I always,unless it's windy, take a bait caster with me. It is an accurate and quite presentation when plugging the mangroves.


----------



## karstopo (Nov 28, 2019)

It’s all fun. Glad I learned to use a fly rod, same with the baitcasting rig. I just feel free to pick up which ever rig I want. Maybe one outing it’s all about the baitcasting plugs and plastics and the next one nothing but feathers and fluff. None of them take up that much space, why not bring both along? Make some decent presentations in the presence of predators, get some eats.


----------



## lemaymiami (Feb 9, 2007)

Much of my early light tackle learning was with a competitive fishing club (the Tropical Anglers Club -TAC). If you wanted to compete you 
had to master plug, fly, spin gear as well as both lures and bait...

Each kind of gear does a few things really well (and others, not so well...). It forced you to flexible, but also had a few other benefits that I only appreciated years later...

One of them is that in a long days fishing, each type of gear used different muscles... very handy as you get older.


----------



## Smackdaddy53 (Dec 31, 2012)

If I am not tossing a fly (creeping closer to fly only) I am usually fishing with a baitcaster on a 6’4” medium power extra fast action rod and I can sight cast, wade and everything in between with lures from 1/32oz jigheads to 6” Super Spook topwaters and big 1 1/2 oz swim baits. I’ll break out my spinning gear about 1% of the time.


----------



## scrapiron (Jun 13, 2020)

Whoa- that’s quite a range of weights! Tell me more about this mythical Excalibur rod....


----------



## Smackdaddy53 (Dec 31, 2012)

scrapiron said:


> Whoa- that’s quite a range of weights! Tell me more about this mythical Excalibur rod....
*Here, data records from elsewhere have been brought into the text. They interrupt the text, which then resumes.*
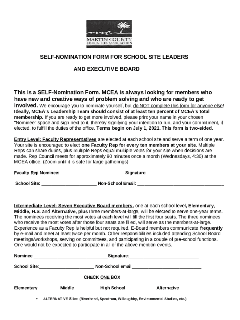 The The Martin County Education Association - Home is a writable document that should be submitted to the specific address in order to provide specific info. It has to be filled-out and signed, which can be done manually, or by using a particular solution such as PDFfiller. It helps to complete any PDF or Word document right in the web, customize it according to your requirements and put a legally-binding electronic signature. Right after completion, the user can easily send the The Martin County Education Association - Home to the relevant receiver, or multiple individuals via email or fax. The blank is printable too from PDFfiller feature and options proposed for printing out adjustment. Both in electronic and physical appearance, your form will have got clean and professional outlook. Also you can save it as the template to use it later, there's no need to create a new blank form from the beginning. You need just to edit the ready sample.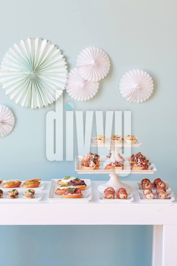 A variety of appetizers are served on a white table in front of an aqua blue wall with paper decorations.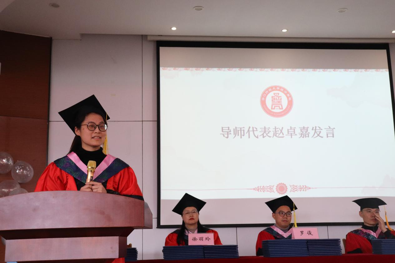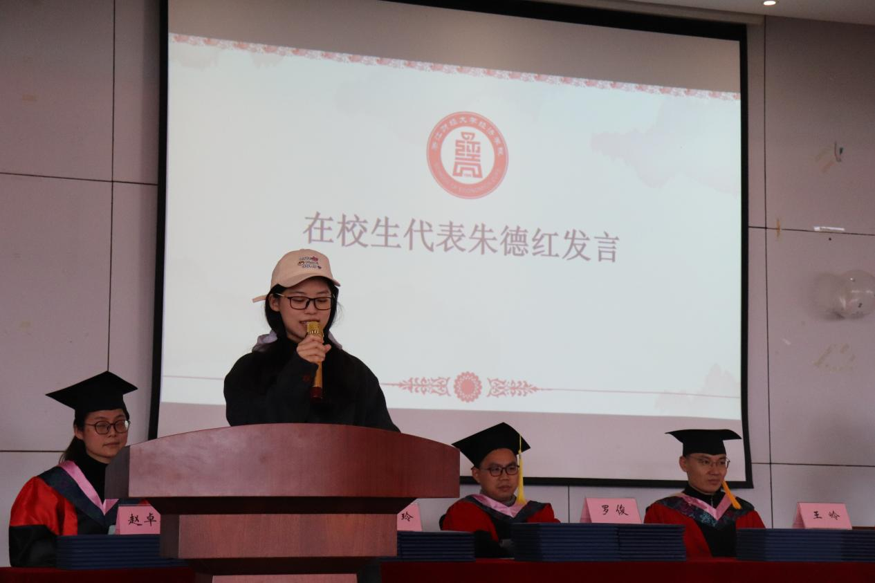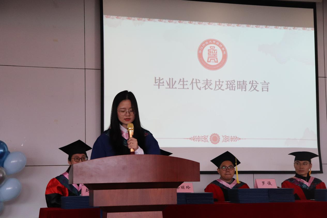毕业典礼上,导师代表赵卓嘉老师、毕业生代表皮瑶晴同学及在校生代表朱德红相继发言。赵老师寄语毕业生不忘初心,持续学习,勇于担当,心怀世界,以开放心态接纳新事物;皮瑶晴同学深情回顾浙财时光,感谢师长教诲与同窗陪伴,展望美好未来;朱德红同学则代表在校生,表达了对学长学姐的感激与祝福,期待他们前程似锦,人生精彩纷呈。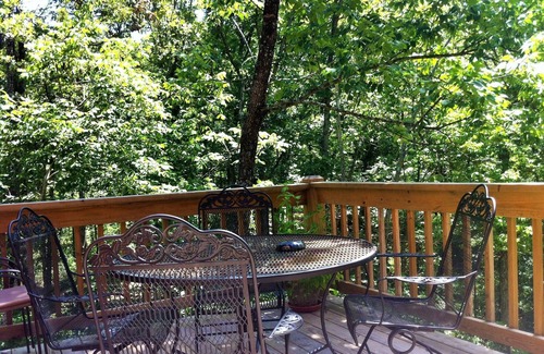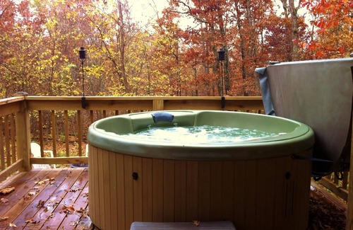 Ellen's log cabin is 2 and a half story's. It starts with a large covered porch that looks over the valley, a great place for your morning coffee. Walk into the living room with a cathedral ceiling and stairs that lead to the loft. The loft is where the master bedroom is located with an en suite bathroom. Back to the first floor is a full kitchen with a large walk out deck that is actually in the trees. This deck has a large table for outdoor eating and charcoal BBQ grill for grilling. Remember to bring charcoal and lighter fluid. The lower floor has 2 bedrooms, family room (which doubles as another private bedroom) and full bathroom. From the family room you walk out to a private lower deck with a hot tub and seating. A fire pit is in the back yard surrounded by woods, very private. Do not worry about where to buy the wood for your fire, we provide it with your cabin.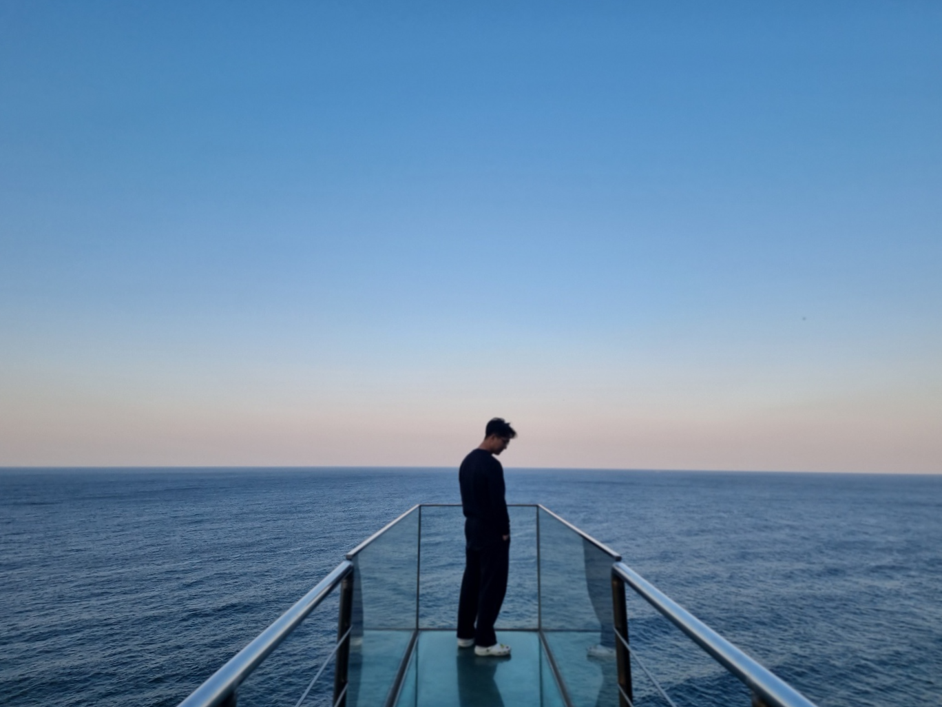 노을이 지고 있을 때라 더 이뻤던 포토존, 투명 유리 전망대다.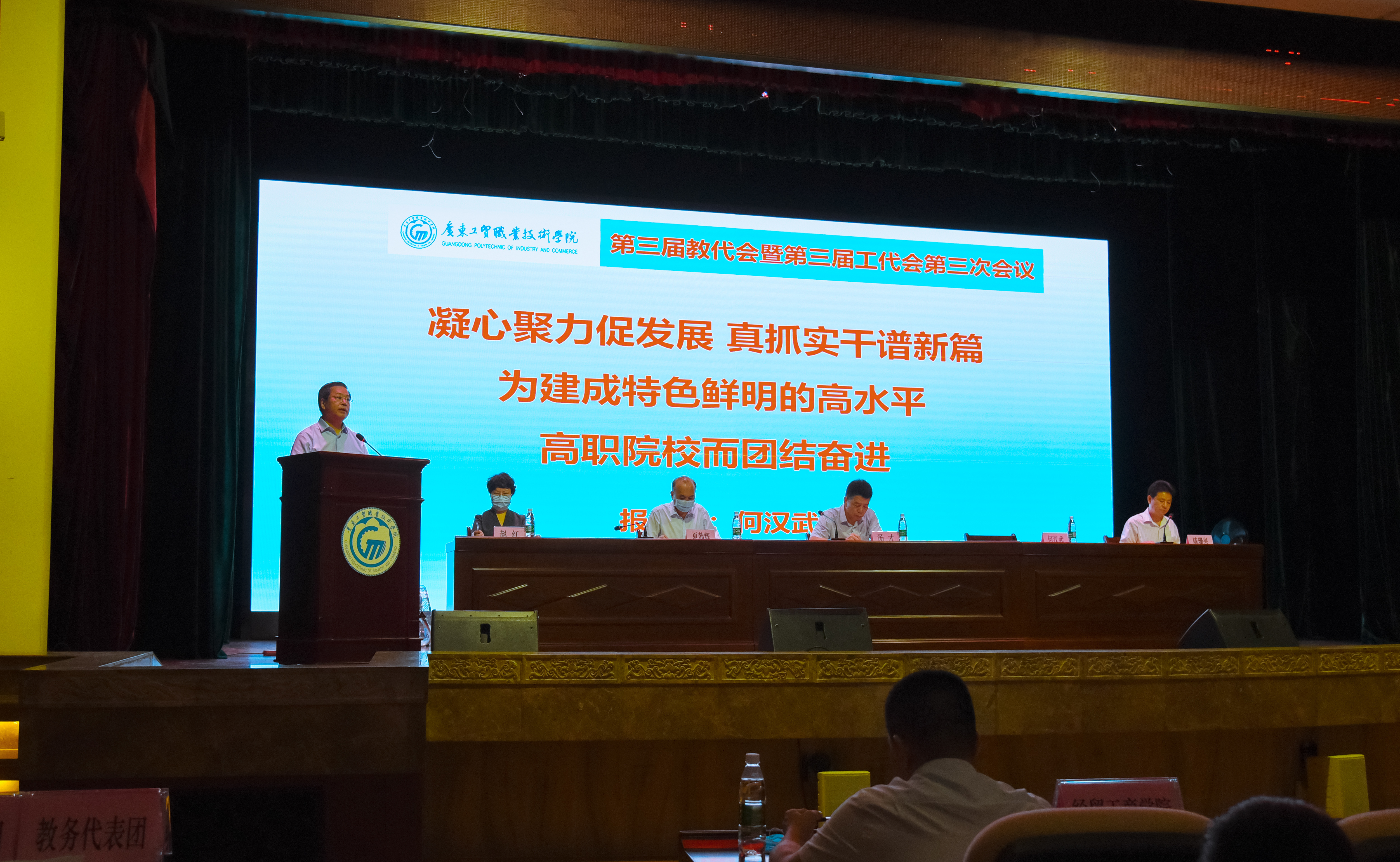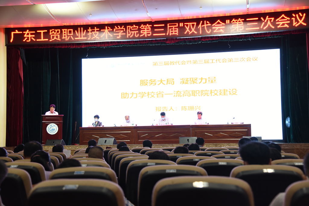 2020年7月2日上午,学校第三届“双代会”第三次会议在天河校区东区礼堂召开,学校党政领导、“双代会”正式代表、列席代表参加会议。会议由学校副校长、工会主席陈珊兴主持。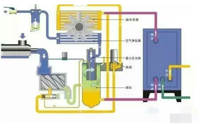原理:空壓機運行時產(chǎn)生大量熱能(約占輸入功率的80%),可通過熱交換器回收用于:(1)生產(chǎn)工藝加熱(如烘干、清洗);(2)鍋爐補水預熱;(3)車間或辦公室供暖。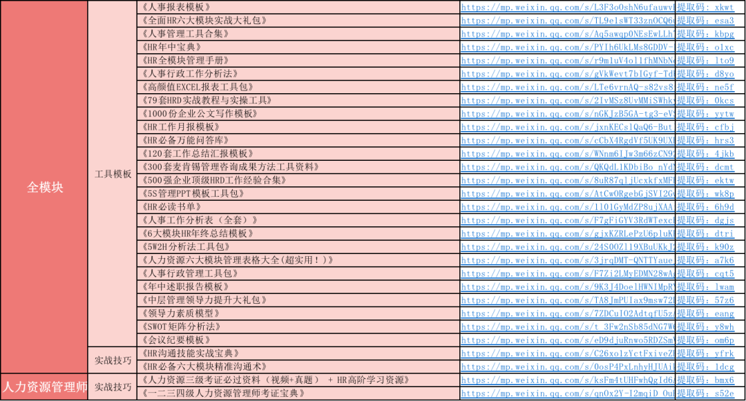 目前已按模块整理发布260+期HR资料,百度网盘总大小200G+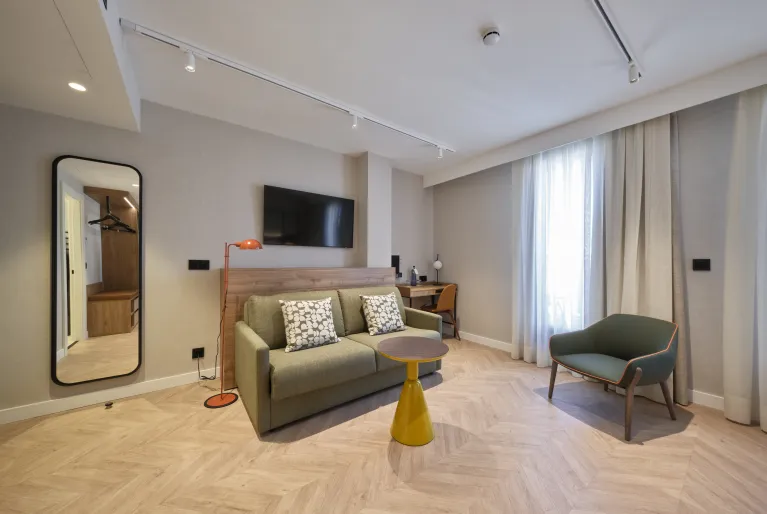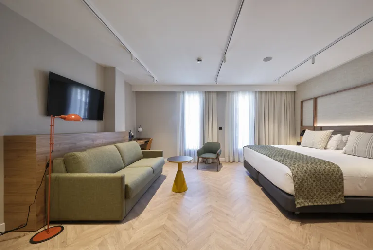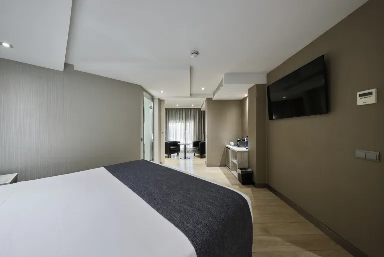 Se você não quer perder o novo episódio da sua série favorita durante a sua estadia em Barcelona, ​​ficará encantado em saber que todos os quartos do hotel Catalonia Sagrada Familia estão equipados com televisão com Chromecast. Além disso, os quartos premium e superiores são atualizados com um design clean e moderno em tons de bege e cinza. Mas, se quer mesmo ficar com o máximo conforto, reserve uma das nossas fabulosas junior suites e terá um quarto com sala de estar separada e cama king size.

It’s one of my custom builds. Northfork Composites SJ804 (96”)cut down to 6”4” (I cut everything off the butt of the blank to keep tip action) with a 7 1/2” rear cork split grip, Fuji split skeleton seat and spiral wrapped ReCoil guides. Anyone on the forum that has fished with me has seen me using this rod. It has a Lew’s ProTi spooled with 20# Sufix 832 braid and I use a 4-6’ 20# Trilene Big Game clear mono leader. I like to sight cast super shallow fish with a 1/32oz Black Magic jighead and small soft plastic 2-3” in a natural color.


----------



## scrapiron (Jun 13, 2020)

Sounds awesome!
All my conventional rods are NFC (Kistler) blanks. Never did like the Fuji skeleton - had it on some St.Croix rods. Definitely intrigued by the spiral wrapped RECoils. 

I’ve got a 7’3” MedMod Fast that has a crack in the blank (my fault) that I put some clear epoxy over. Thought about cutting it down (got a great deal on that length, and would prefer 7’. Pretty sure that tip/action wouldn’t handle Super Spook though.

Sufix 832- man that line is great.


----------